What to work on:
Could the data below be copied exactly, minus the pictures?

== Extracted entries ==

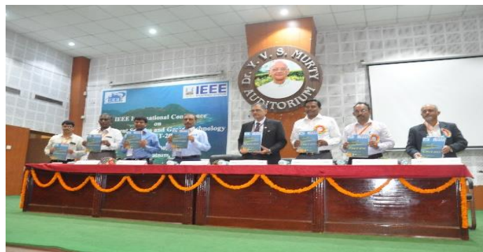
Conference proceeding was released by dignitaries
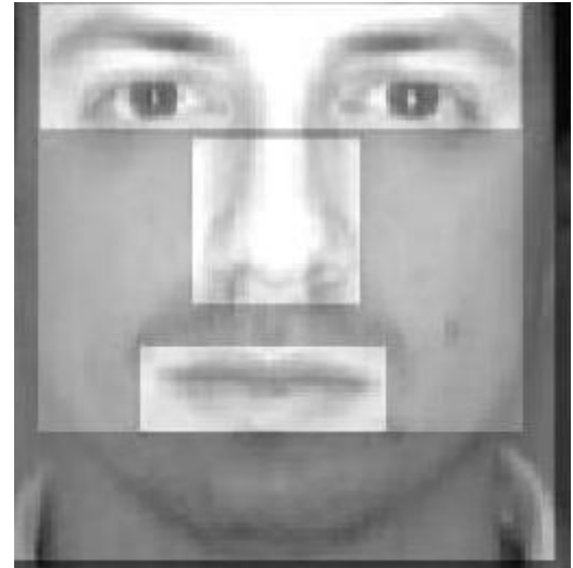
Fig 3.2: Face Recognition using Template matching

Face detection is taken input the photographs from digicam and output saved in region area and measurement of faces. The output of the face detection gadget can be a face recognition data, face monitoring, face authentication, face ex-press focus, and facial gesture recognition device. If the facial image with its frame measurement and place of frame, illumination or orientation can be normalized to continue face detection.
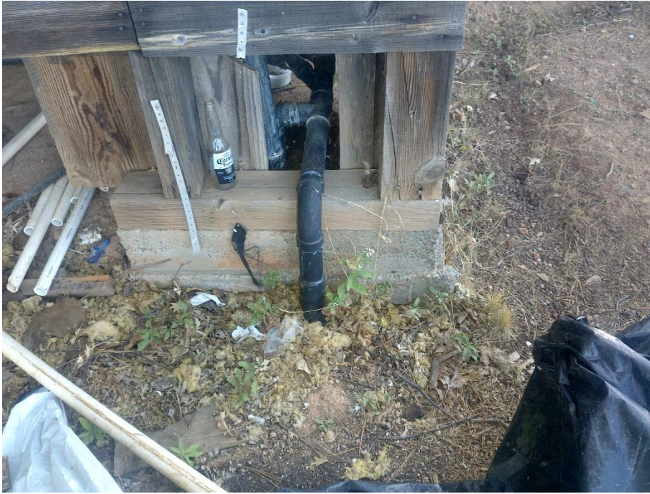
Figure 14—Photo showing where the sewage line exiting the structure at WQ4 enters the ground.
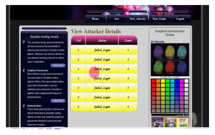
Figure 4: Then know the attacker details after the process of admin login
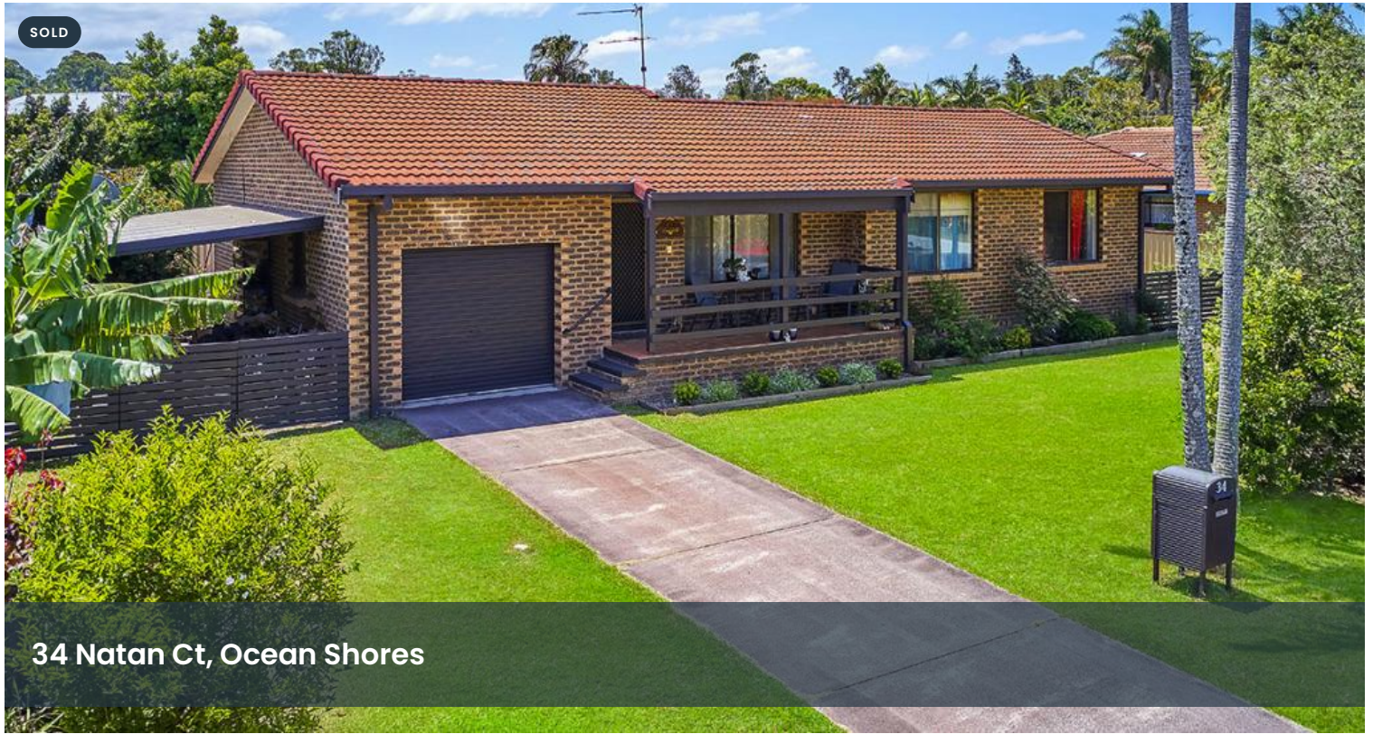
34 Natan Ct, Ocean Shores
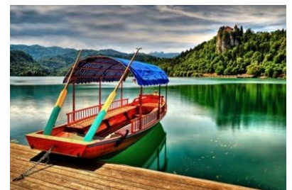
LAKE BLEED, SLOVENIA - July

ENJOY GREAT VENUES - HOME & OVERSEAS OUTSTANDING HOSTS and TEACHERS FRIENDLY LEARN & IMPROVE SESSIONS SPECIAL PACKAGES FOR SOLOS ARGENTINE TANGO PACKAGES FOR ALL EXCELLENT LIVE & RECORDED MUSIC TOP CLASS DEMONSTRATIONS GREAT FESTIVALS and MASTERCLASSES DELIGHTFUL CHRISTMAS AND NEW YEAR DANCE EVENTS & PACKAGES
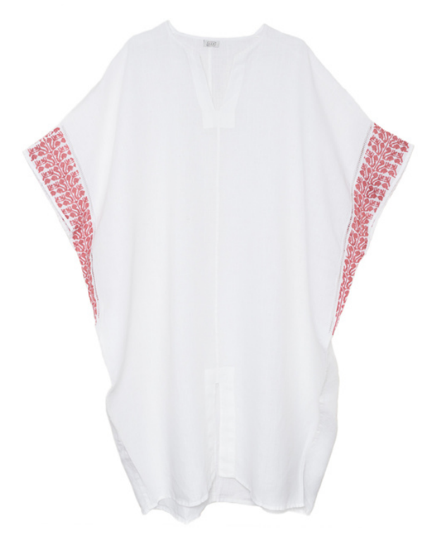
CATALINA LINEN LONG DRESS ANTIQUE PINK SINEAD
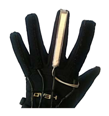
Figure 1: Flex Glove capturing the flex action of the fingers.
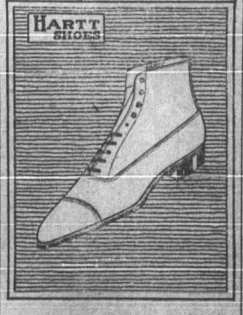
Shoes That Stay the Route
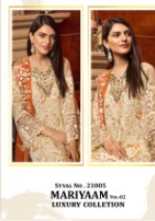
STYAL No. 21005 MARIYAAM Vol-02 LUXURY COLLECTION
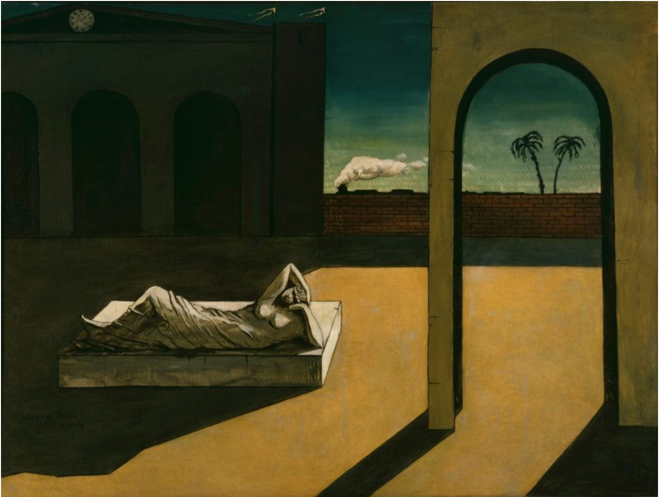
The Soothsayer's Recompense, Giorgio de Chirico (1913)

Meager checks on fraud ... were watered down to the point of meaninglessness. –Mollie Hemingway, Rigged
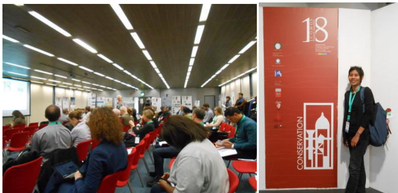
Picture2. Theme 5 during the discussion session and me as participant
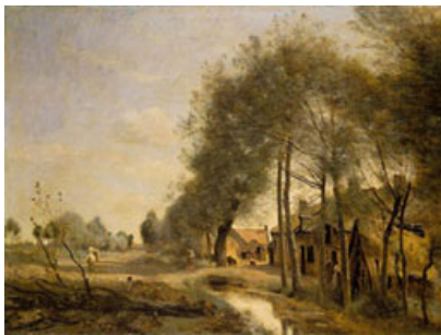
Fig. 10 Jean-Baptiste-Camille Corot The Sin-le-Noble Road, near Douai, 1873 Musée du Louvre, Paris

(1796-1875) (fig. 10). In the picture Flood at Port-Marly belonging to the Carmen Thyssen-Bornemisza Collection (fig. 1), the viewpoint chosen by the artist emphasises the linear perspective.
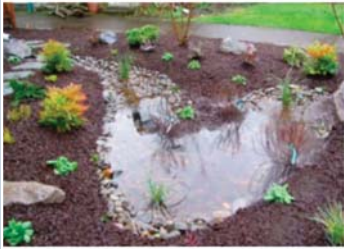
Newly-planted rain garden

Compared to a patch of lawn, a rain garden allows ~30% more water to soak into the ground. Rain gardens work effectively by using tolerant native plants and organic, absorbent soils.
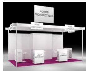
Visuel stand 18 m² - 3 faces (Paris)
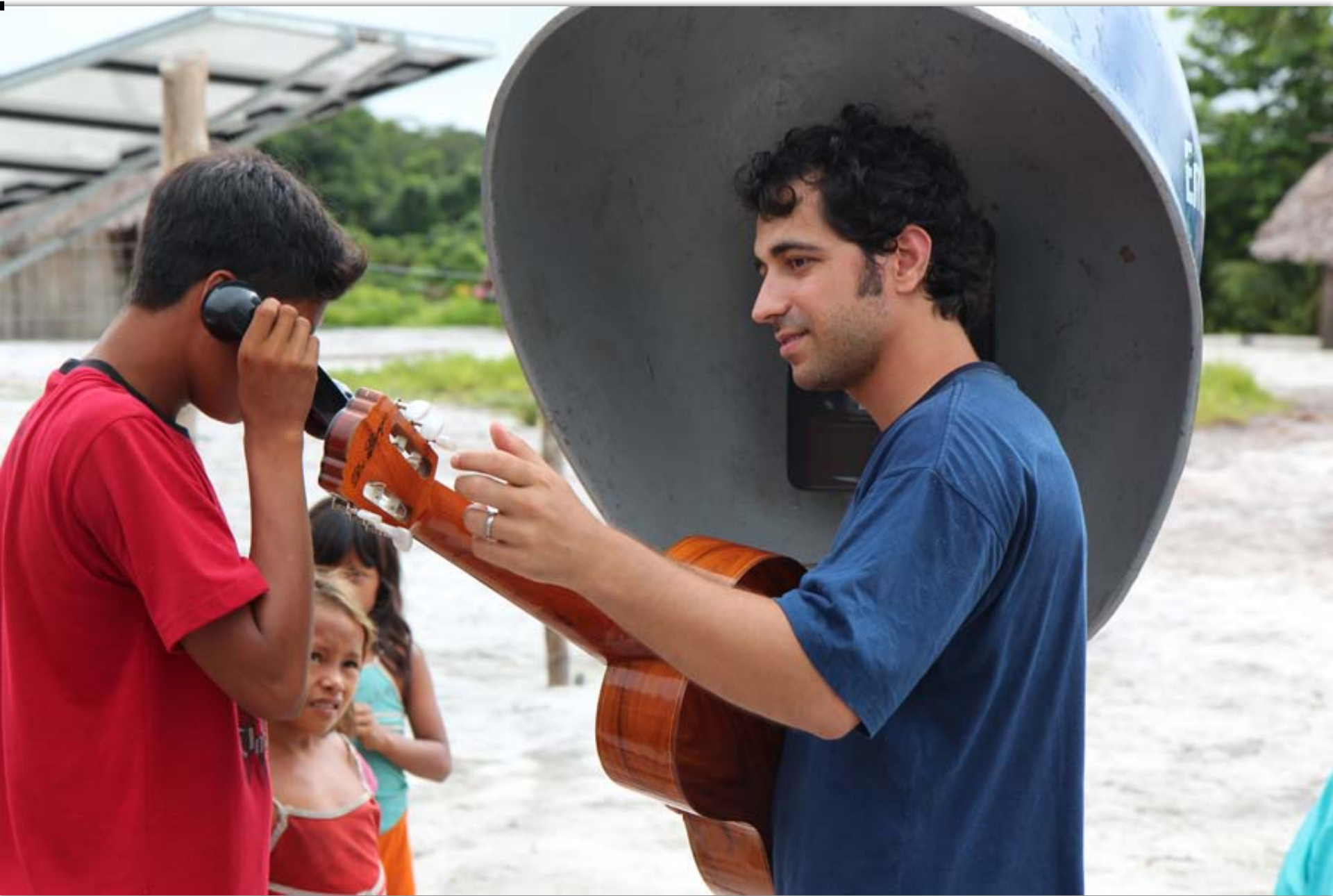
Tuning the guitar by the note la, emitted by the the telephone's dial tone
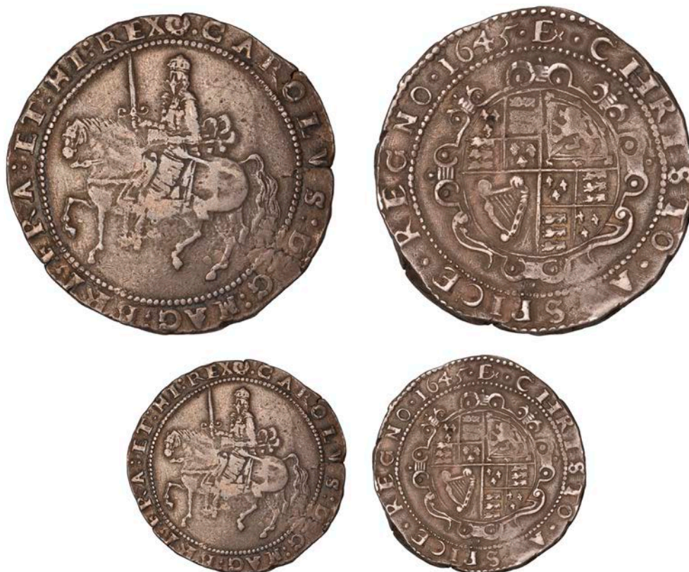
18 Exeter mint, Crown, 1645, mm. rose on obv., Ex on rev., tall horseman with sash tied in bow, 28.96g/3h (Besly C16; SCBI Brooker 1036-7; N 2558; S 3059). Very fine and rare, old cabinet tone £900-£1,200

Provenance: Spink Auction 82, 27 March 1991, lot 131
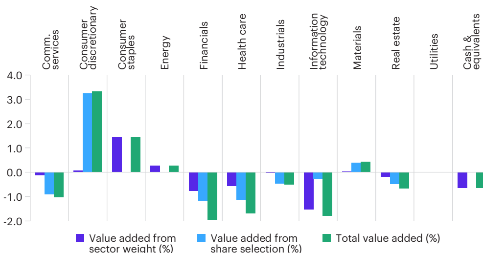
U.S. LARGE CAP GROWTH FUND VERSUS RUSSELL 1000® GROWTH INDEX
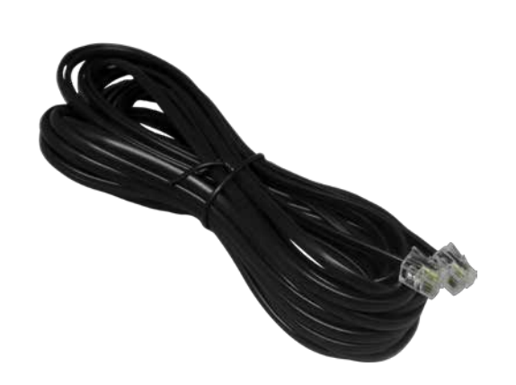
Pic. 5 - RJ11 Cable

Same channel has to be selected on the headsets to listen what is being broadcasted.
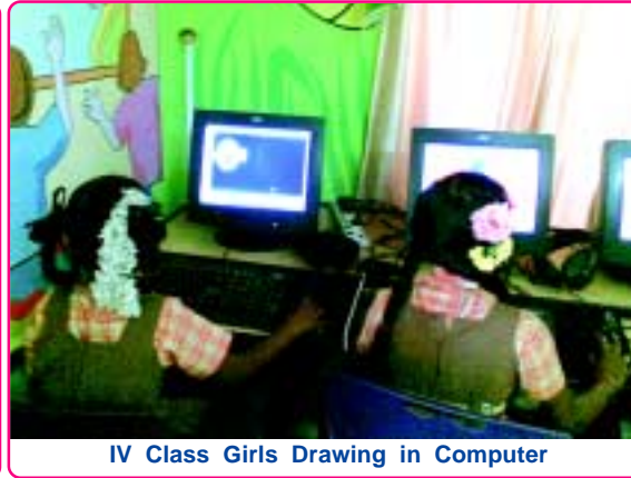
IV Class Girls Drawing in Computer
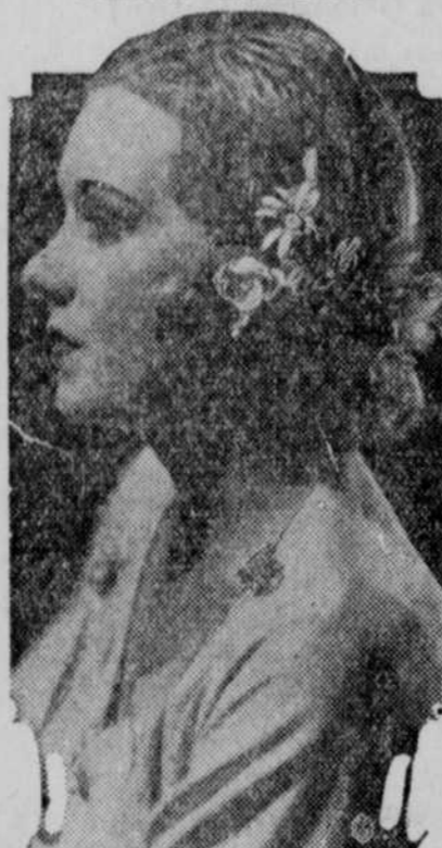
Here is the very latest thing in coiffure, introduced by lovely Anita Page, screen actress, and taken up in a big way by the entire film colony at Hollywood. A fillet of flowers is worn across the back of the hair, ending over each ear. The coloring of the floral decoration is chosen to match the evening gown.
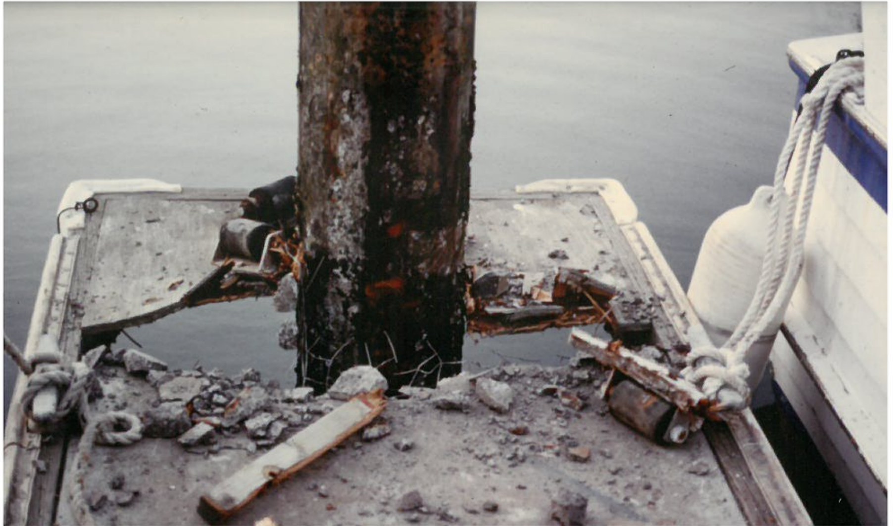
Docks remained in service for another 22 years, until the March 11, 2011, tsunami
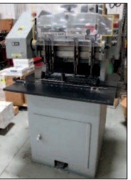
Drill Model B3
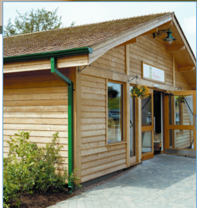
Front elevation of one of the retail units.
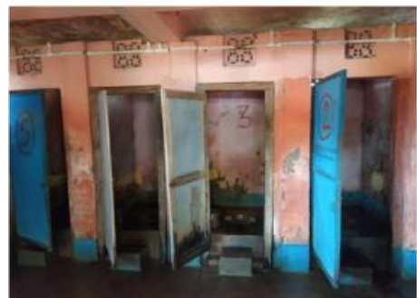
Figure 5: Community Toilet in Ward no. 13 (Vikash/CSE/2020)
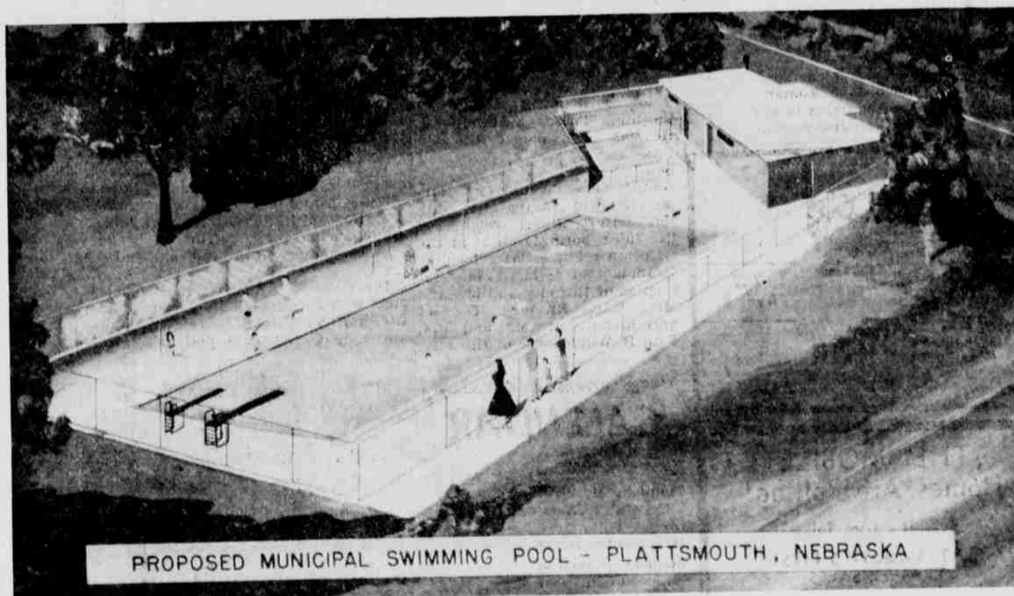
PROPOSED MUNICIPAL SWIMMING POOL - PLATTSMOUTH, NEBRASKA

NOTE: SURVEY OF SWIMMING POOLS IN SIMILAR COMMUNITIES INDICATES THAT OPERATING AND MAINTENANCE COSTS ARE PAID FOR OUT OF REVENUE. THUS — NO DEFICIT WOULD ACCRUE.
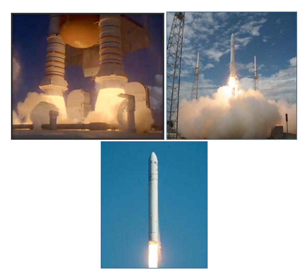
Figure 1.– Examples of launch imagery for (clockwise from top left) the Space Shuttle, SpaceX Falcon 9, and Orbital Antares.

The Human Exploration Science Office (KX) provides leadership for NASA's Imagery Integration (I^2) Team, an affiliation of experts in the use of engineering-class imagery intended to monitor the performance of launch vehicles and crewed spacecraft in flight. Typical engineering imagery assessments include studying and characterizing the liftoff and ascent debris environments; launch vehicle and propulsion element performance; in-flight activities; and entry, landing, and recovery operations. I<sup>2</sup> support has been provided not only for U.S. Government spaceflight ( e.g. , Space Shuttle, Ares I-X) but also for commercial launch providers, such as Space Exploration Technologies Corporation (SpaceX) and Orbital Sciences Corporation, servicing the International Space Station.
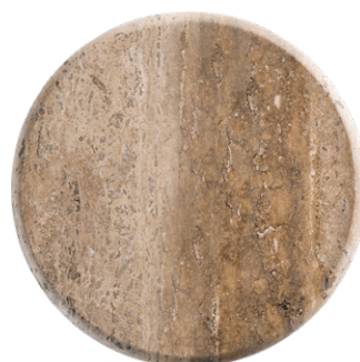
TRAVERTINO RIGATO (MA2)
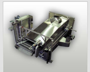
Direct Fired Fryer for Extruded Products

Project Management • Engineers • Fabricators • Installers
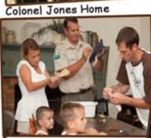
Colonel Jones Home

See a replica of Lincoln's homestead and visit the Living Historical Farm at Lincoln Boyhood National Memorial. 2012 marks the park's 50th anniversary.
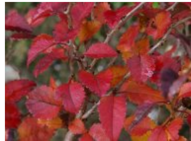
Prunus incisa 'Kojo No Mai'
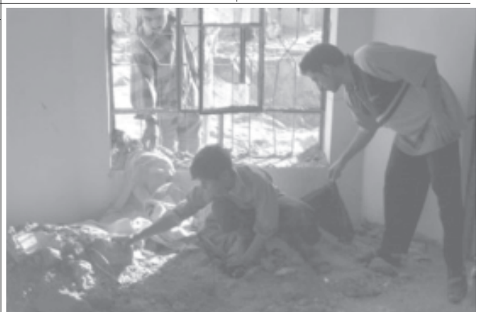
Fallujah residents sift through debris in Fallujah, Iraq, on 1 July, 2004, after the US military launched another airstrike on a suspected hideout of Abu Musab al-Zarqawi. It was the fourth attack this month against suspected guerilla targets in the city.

===

Solution to the problem:
Conference proceeding was released by dignitaries
Fig 3.2: Face Recognition using Template matching

Face detection is taken input the photographs from digicam and output saved in region area and measurement of faces. The output of the face detection gadget can be a face recognition data, face monitoring, face authentication, face ex-press focus, and facial gesture recognition device. If the facial image with its frame measurement and place of frame, illumination or orientation can be normalized to continue face detection.
Figure 14—Photo showing where the sewage line exiting the structure at WQ4 enters the ground.
Figure 4: Then know the attacker details after the process of admin login
34 Natan Ct, Ocean Shores
LAKE BLEED, SLOVENIA - July

ENJOY GREAT VENUES - HOME & OVERSEAS OUTSTANDING HOSTS and TEACHERS FRIENDLY LEARN & IMPROVE SESSIONS SPECIAL PACKAGES FOR SOLOS ARGENTINE TANGO PACKAGES FOR ALL EXCELLENT LIVE & RECORDED MUSIC TOP CLASS DEMONSTRATIONS GREAT FESTIVALS and MASTERCLASSES DELIGHTFUL CHRISTMAS AND NEW YEAR DANCE EVENTS & PACKAGES
CATALINA LINEN LONG DRESS ANTIQUE PINK SINEAD
Figure 1: Flex Glove capturing the flex action of the fingers.
Shoes That Stay the Route
STYAL No. 21005 MARIYAAM Vol-02 LUXURY COLLECTION
The Soothsayer's Recompense, Giorgio de Chirico (1913)

Meager checks on fraud ... were watered down to the point of meaninglessness. –Mollie Hemingway, Rigged
Picture2. Theme 5 during the discussion session and me as participant
Fig. 10 Jean-Baptiste-Camille Corot The Sin-le-Noble Road, near Douai, 1873 Musée du Louvre, Paris

(1796-1875) (fig. 10). In the picture Flood at Port-Marly belonging to the Carmen Thyssen-Bornemisza Collection (fig. 1), the viewpoint chosen by the artist emphasises the linear perspective.
Newly-planted rain garden

Compared to a patch of lawn, a rain garden allows ~30% more water to soak into the ground. Rain gardens work effectively by using tolerant native plants and organic, absorbent soils.
Visuel stand 18 m² - 3 faces (Paris)
Tuning the guitar by the note la, emitted by the the telephone's dial tone
18 Exeter mint, Crown, 1645, mm. rose on obv., Ex on rev., tall horseman with sash tied in bow, 28.96g/3h (Besly C16; SCBI Brooker 1036-7; N 2558; S 3059). Very fine and rare, old cabinet tone £900-£1,200

Provenance: Spink Auction 82, 27 March 1991, lot 131
U.S. LARGE CAP GROWTH FUND VERSUS RUSSELL 1000® GROWTH INDEX
Pic. 5 - RJ11 Cable

Same channel has to be selected on the headsets to listen what is being broadcasted.
IV Class Girls Drawing in Computer
Here is the very latest thing in coiffure, introduced by lovely Anita Page, screen actress, and taken up in a big way by the entire film colony at Hollywood. A fillet of flowers is worn across the back of the hair, ending over each ear. The coloring of the floral decoration is chosen to match the evening gown.
Docks remained in service for another 22 years, until the March 11, 2011, tsunami
Drill Model B3
Front elevation of one of the retail units.
Figure 5: Community Toilet in Ward no. 13 (Vikash/CSE/2020)
PROPOSED MUNICIPAL SWIMMING POOL - PLATTSMOUTH, NEBRASKA

NOTE: SURVEY OF SWIMMING POOLS IN SIMILAR COMMUNITIES INDICATES THAT OPERATING AND MAINTENANCE COSTS ARE PAID FOR OUT OF REVENUE. THUS — NO DEFICIT WOULD ACCRUE.
Figure 1.– Examples of launch imagery for (clockwise from top left) the Space Shuttle, SpaceX Falcon 9, and Orbital Antares.

The Human Exploration Science Office (KX) provides leadership for NASA's Imagery Integration (I^2) Team, an affiliation of experts in the use of engineering-class imagery intended to monitor the performance of launch vehicles and crewed spacecraft in flight. Typical engineering imagery assessments include studying and characterizing the liftoff and ascent debris environments; launch vehicle and propulsion element performance; in-flight activities; and entry, landing, and recovery operations. I<sup>2</sup> support has been provided not only for U.S. Government spaceflight ( e.g. , Space Shuttle, Ares I-X) but also for commercial launch providers, such as Space Exploration Technologies Corporation (SpaceX) and Orbital Sciences Corporation, servicing the International Space Station.
TRAVERTINO RIGATO (MA2)
Direct Fired Fryer for Extruded Products

Project Management • Engineers • Fabricators • Installers
Colonel Jones Home

See a replica of Lincoln's homestead and visit the Living Historical Farm at Lincoln Boyhood National Memorial. 2012 marks the park's 50th anniversary.
Prunus incisa 'Kojo No Mai'
Fallujah residents sift through debris in Fallujah, Iraq, on 1 July, 2004, after the US military launched another airstrike on a suspected hideout of Abu Musab al-Zarqawi. It was the fourth attack this month against suspected guerilla targets in the city.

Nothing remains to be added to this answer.